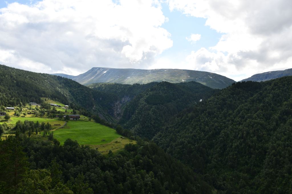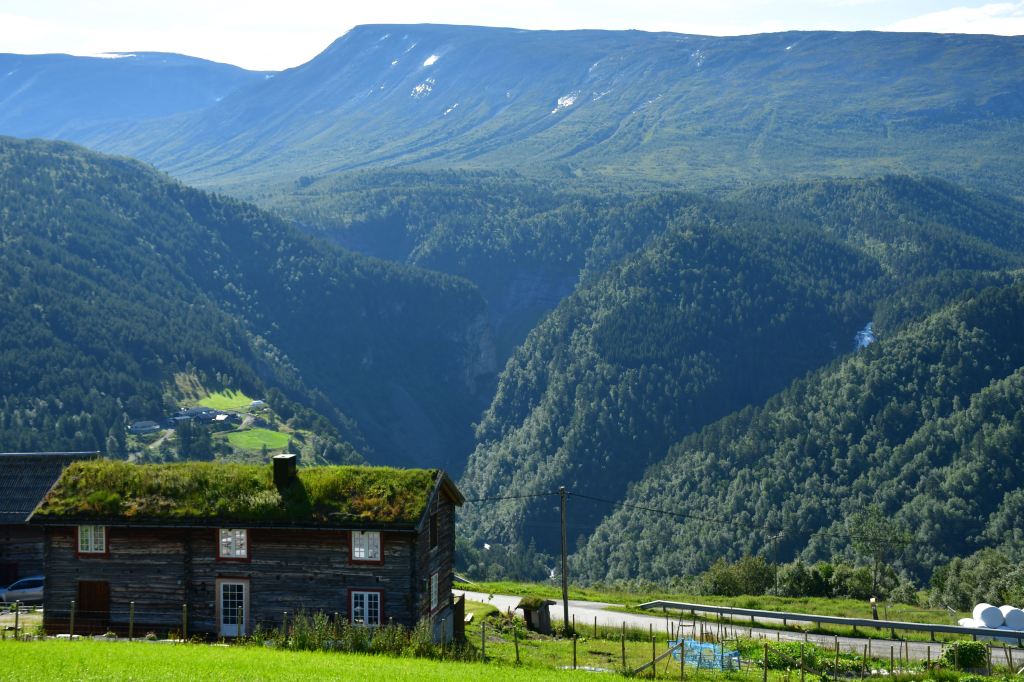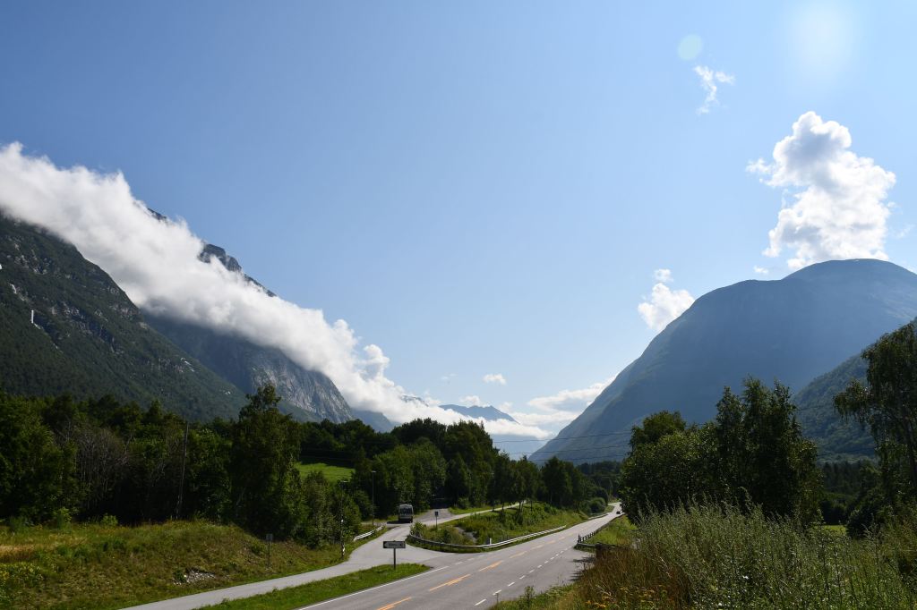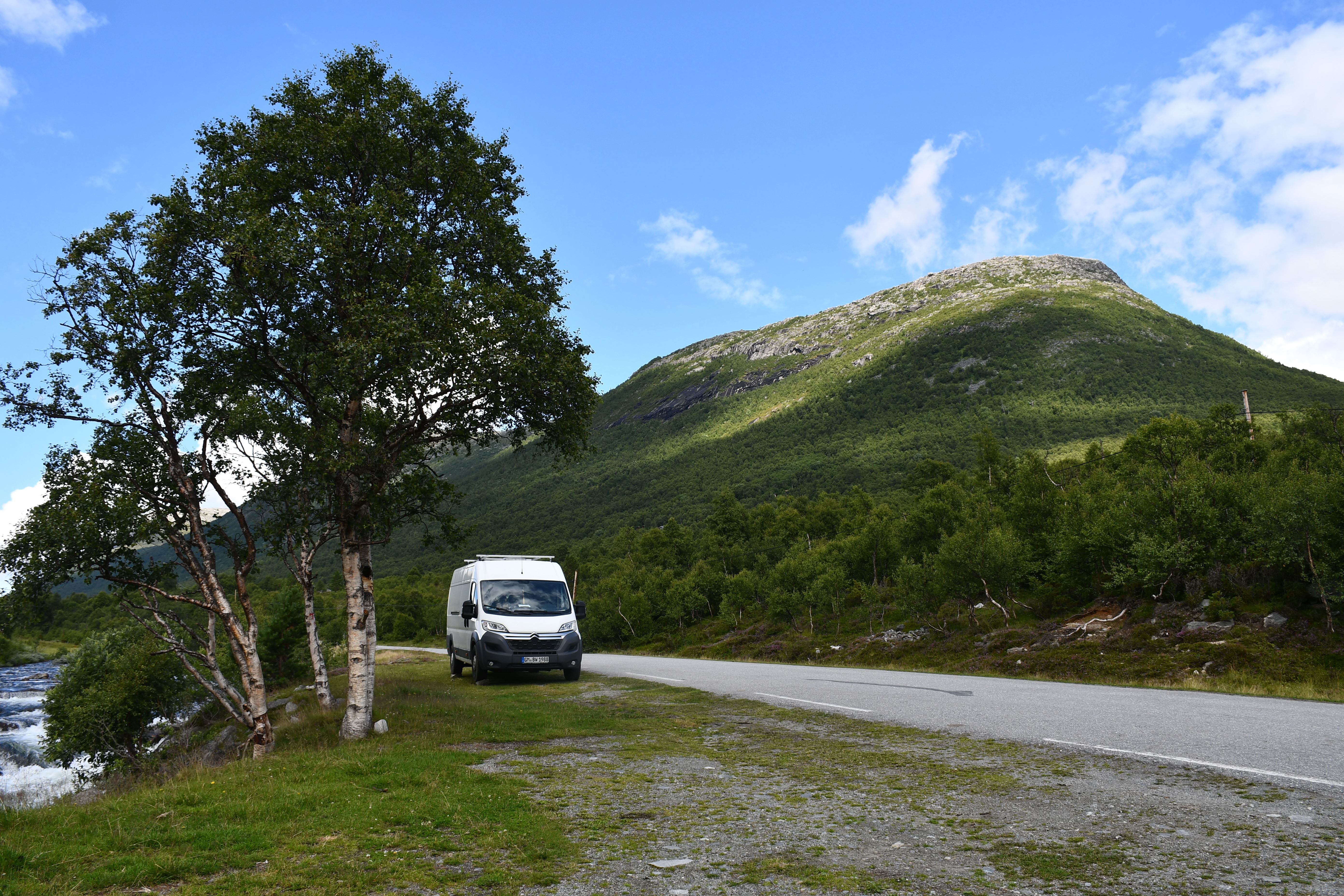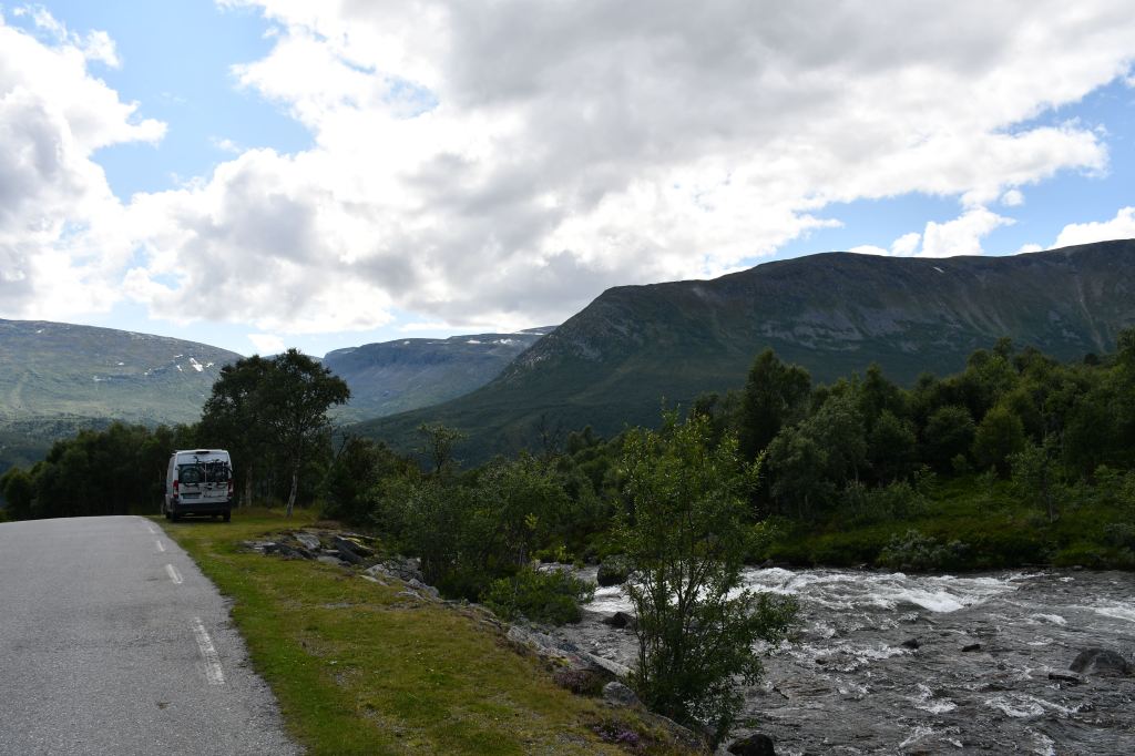 Meine Route führt mich an der kleinen Ortschaft Gjora vorbei tief in norwegisches Eingeweide. Über einspurige Serpentinenstraßen geht es mehrere hundert Höhenmeter bergauf was meinem Bus ein leises Ächzen entlockt und im Nachgang eine unangenehme Duftnote. Wer schön stehen will muss auch ein wenig leiden.
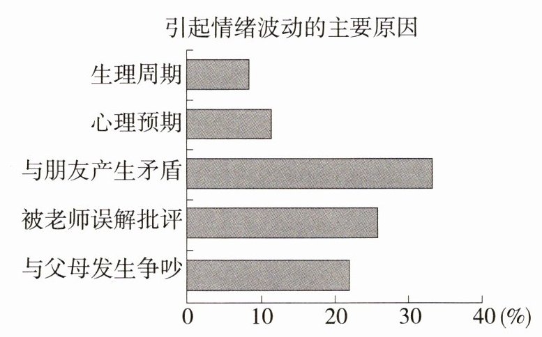13.新中考·调查结果解读 (2023山东烟台中考,16,★☆☆)道德与法治课上,老师在组织《揭开情绪的面纱》一课教学时,开展了有关“情绪波动原因”的问卷调查,如图是数据统计结果。对此理解正确的是 ( )
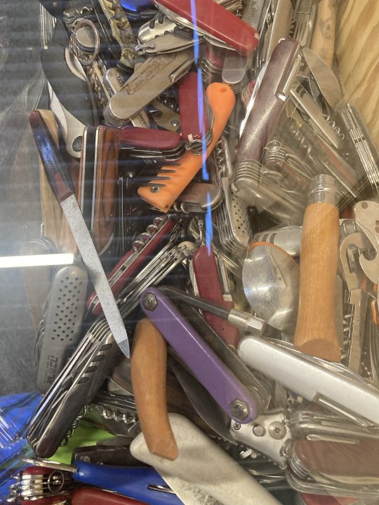 Dla mnie to była nie lada gratka, bo dostałam mnóstwo ciekawych informacji na temat funkcjonowania lotniska, zawodów okololotniskowych (jest ich aż siedemdziesiąt!) i przewożenia niektórych bagaży. Zwłaszcza temat przewożenia bagaży większość z nas zainteresował, bo jest tam specjalna sala, w której zgromadzone są wszystkie skonfiskowane pasażerom przedmioty. Nie wiedzieć czemu królują scyzoryki i nożyczki, ale zdziwilibyście się,miłe jest w gablotce drewnianych tłuczków do mięsa. Na ścianie nad gablotką wisiał także miecz (nikt do końca nie znał historii i okoliczności jego konfiskaty), drewniane nunczako i mnóstwo innych. Dowiedziałam się także, że jeśli kiedykolwiek kupię za granicą ekskluzywny krem do twarzy zawierający kawior z jesiotra, to nie dość że mi go na zabiorą, to jeszcze zapłacę grzywnę. Ponieważ jesiotr jest pod ochroną. Dotyczy to także chińskich (głównie) maści zawierających wyciągi z chronionych u nas zwierząt. Na miejscu w Państwie Środka możecie się ty,i specyfikami smarować do woli, zapijając dla kurażu wódką wężówką, z butelki której łypię na Was martwym okiem chroniony wąż. Konwencja CITES, na podstawie której jest ściśle określone, co wolno a czego nie wolno przewozić, obowiązuje także na statkach.
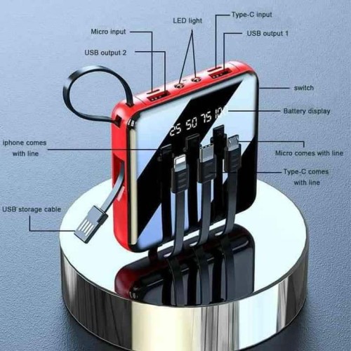 Description Model : Mini Portable Power Bank with Built-in Cable – 20000mAh (PB3) Material: ABS Plastic

TO DO —
Write the listing above out again exactly, but not the images it holds.

RESULT FOR THIS EXERCISE —
 Meine Route führt mich an der kleinen Ortschaft Gjora vorbei tief in norwegisches Eingeweide. Über einspurige Serpentinenstraßen geht es mehrere hundert Höhenmeter bergauf was meinem Bus ein leises Ächzen entlockt und im Nachgang eine unangenehme Duftnote. Wer schön stehen will muss auch ein wenig leiden.
13.新中考·调查结果解读 (2023山东烟台中考,16,★☆☆)道德与法治课上,老师在组织《揭开情绪的面纱》一课教学时,开展了有关“情绪波动原因”的问卷调查,如图是数据统计结果。对此理解正确的是 ( )
 Dla mnie to była nie lada gratka, bo dostałam mnóstwo ciekawych informacji na temat funkcjonowania lotniska, zawodów okololotniskowych (jest ich aż siedemdziesiąt!) i przewożenia niektórych bagaży. Zwłaszcza temat przewożenia bagaży większość z nas zainteresował, bo jest tam specjalna sala, w której zgromadzone są wszystkie skonfiskowane pasażerom przedmioty. Nie wiedzieć czemu królują scyzoryki i nożyczki, ale zdziwilibyście się,miłe jest w gablotce drewnianych tłuczków do mięsa. Na ścianie nad gablotką wisiał także miecz (nikt do końca nie znał historii i okoliczności jego konfiskaty), drewniane nunczako i mnóstwo innych. Dowiedziałam się także, że jeśli kiedykolwiek kupię za granicą ekskluzywny krem do twarzy zawierający kawior z jesiotra, to nie dość że mi go na zabiorą, to jeszcze zapłacę grzywnę. Ponieważ jesiotr jest pod ochroną. Dotyczy to także chińskich (głównie) maści zawierających wyciągi z chronionych u nas zwierząt. Na miejscu w Państwie Środka możecie się ty,i specyfikami smarować do woli, zapijając dla kurażu wódką wężówką, z butelki której łypię na Was martwym okiem chroniony wąż. Konwencja CITES, na podstawie której jest ściśle określone, co wolno a czego nie wolno przewozić, obowiązuje także na statkach.
 Description Model : Mini Portable Power Bank with Built-in Cable – 20000mAh (PB3) Material: ABS Plastic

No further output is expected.